6. Subjects having negative urine screen for drugs of abuse(including amphetamines,
barbiturates, benzodiazepines, marijuana, cocaine, and morphine).

7. Subjects having negative alcohol breath test

8. Subjects willing to adhere to the protocol requirements and to provide written
informed consent.

For Female Subjects:

1. Female of child bearing potential practicing an acceptable method of birth control for
the duration of the study as judged by the investigator(s), such as condoms, foams,
jellies,diaphragm, intrauterine devise(IUD) or abstinence, or

2. Postmenopausal for at least 1 year or

3. Surgically sterile (bilateral tubal ligation, bilateral oophorectomy, or hysterectomy
has been performed on the subject.

Exclusion Criteria:

1. Hypersensitivity to sertraline hydrochloride or related class of drugs.

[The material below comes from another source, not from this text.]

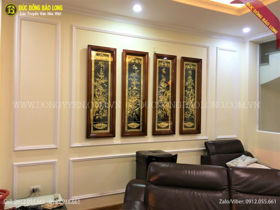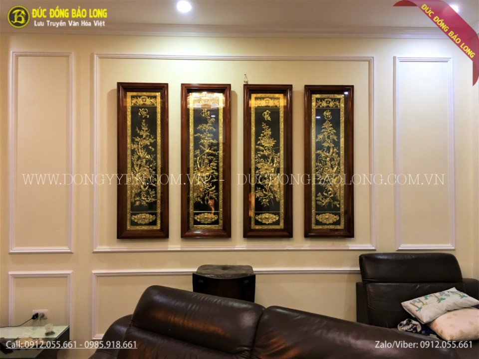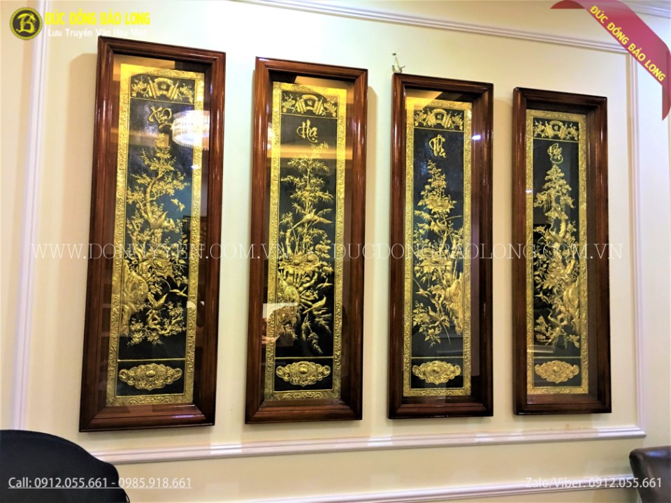 Bộ tranh tứ quý bằng đồng mạ vàng 24k khổ 1m27

2. History or presence of significant cardiovascular, pulmonary, hepatic, renal,
gastrointestinal, endocrine, immunological, dermatological neurological or psychiatric
disease or disorder.

3. Any treatment which could bring about induction or inhibition of hepatic microsomal
enzyme system within 1 month of the study starting.

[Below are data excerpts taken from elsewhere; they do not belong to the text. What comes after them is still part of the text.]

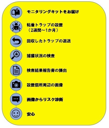 世の中に一般家庭に向けた害虫駆除を行っている企業・業者はたくさんありますが、私たちが提供したいモニタリングサービスはその前の段階、虫の有無を捕獲によって判断をし、その状況から適切な対策を推奨するものです。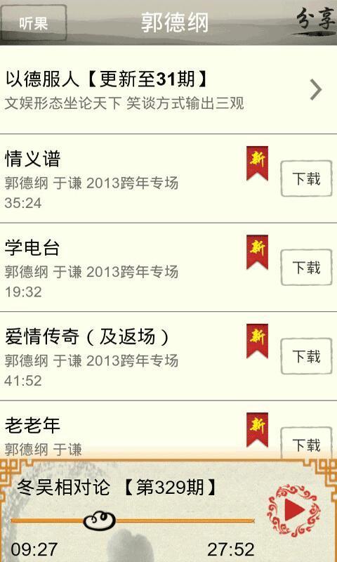 6.最深的底蕴:听果着重呈现包含中国文化的有声内容,让您在娱乐的同时,多增加一些文化的积淀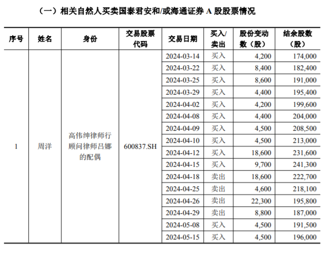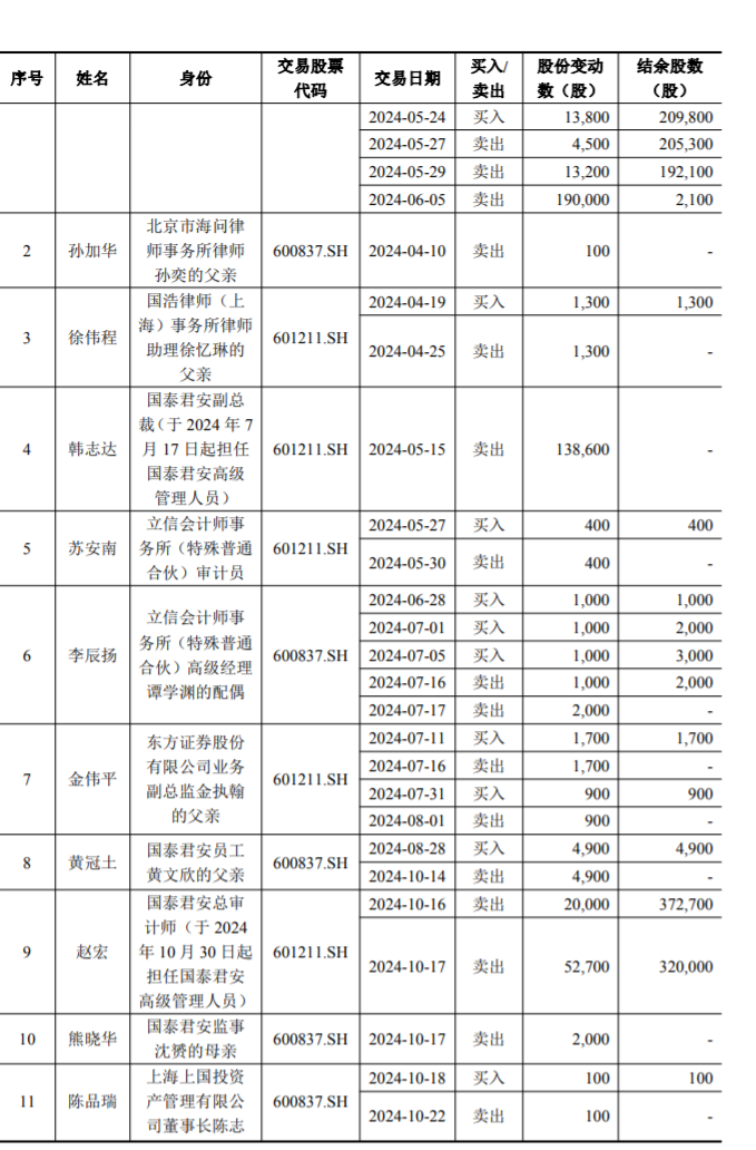 结果显示,涉及11名相关自然人买卖国泰君安和海通证券的A股股票。包括国泰君安的副总裁韩志达、总审计师赵宏、监事沈赟的母亲熊晓华、员工黄文欣的父亲黄冠土,以及海通证券的境外法律顾问高伟绅律师行的顾问律师吕娜的配偶周洋等。

4. History or presence of significant alcoholism or drug abuse in the past one year.

5. History or presence of significant smoking (more than 10 cigarettes day) or
consumption of tobacco products.

6. History or presence of significant asthma, urticaria or other allergic reactions.

7. History or presence of significant gastric and/or duodenal ulceration.

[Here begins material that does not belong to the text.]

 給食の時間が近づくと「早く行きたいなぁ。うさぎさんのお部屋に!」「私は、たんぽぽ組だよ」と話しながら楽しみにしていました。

8. History or presence of significant thyroid disease, adrenal dysfunction, organic
intracranial lesion such as pituitary tumor.

9. History or presence of cancer

10. History or presence of significant easy bruising or bleeding

11. History or presence of significant recent trauma

12. Subjects who have been on an abnormal diet(for whatever reason) during the four weeks
preceding the study.

13. Difficulty with donating blood

14. Difficulty in swallowing solids like tablets or capsules

15. Systolic blood pressure less than 100 mm Hg or more than 140 mm Hg

16. Diastolic blood pressure less than 60 mm Hg or more than 90 mm Hg.

17. Pulse rate less than 50/minute or more than 100/minute

18. Oral temperature less than 95ºF or more than 98.6ºF.

19. Respiratory rate less than 12/minute or more than 20/minute

20. Use of any prescribed medication during last two weeks or OTC medical products during
the last week prior to initiation or study

21. Major illness during 3 months before screening

22. Participation in a drug research study within past 3 months

23. Donation of blood in the past 3 months before screening.

For Female Subjects:

Female subjects who are pregnant or who are able (women with child bearing potential) to
become pregnant during the study were not allowed to participate.